**SOURCE DATA:**
%%
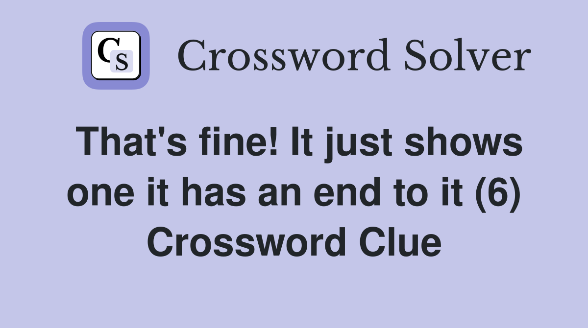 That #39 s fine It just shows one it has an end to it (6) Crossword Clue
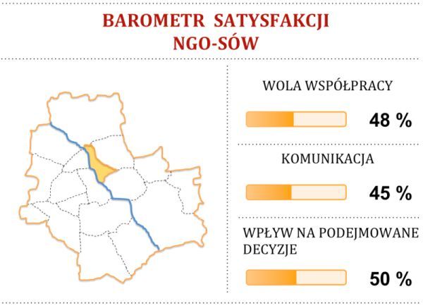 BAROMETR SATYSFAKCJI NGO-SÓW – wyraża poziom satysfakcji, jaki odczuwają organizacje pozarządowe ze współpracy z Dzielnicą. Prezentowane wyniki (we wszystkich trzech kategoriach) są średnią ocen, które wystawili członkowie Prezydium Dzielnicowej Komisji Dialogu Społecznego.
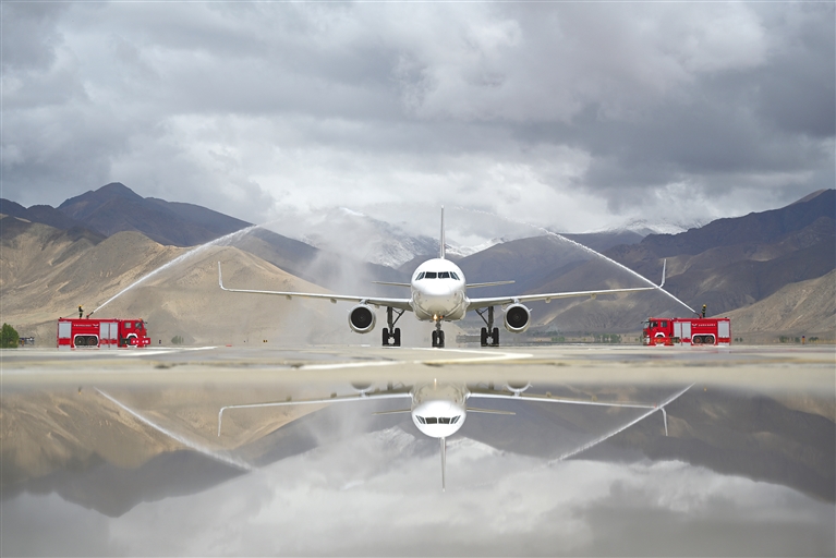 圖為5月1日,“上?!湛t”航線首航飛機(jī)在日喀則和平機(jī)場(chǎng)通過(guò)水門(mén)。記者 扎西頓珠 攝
%%
**TASK GOAL:** Lines before the one containing "BAROMETR SATYSFAKCJI NGO-SÓW" are not wanted; repeat that line and the rest of the listing exactly, leaving out pictures.

**RESULT:**
 BAROMETR SATYSFAKCJI NGO-SÓW – wyraża poziom satysfakcji, jaki odczuwają organizacje pozarządowe ze współpracy z Dzielnicą. Prezentowane wyniki (we wszystkich trzech kategoriach) są średnią ocen, które wystawili członkowie Prezydium Dzielnicowej Komisji Dialogu Społecznego.
 圖為5月1日,“上?!湛t”航線首航飛機(jī)在日喀則和平機(jī)場(chǎng)通過(guò)水門(mén)。記者 扎西頓珠 攝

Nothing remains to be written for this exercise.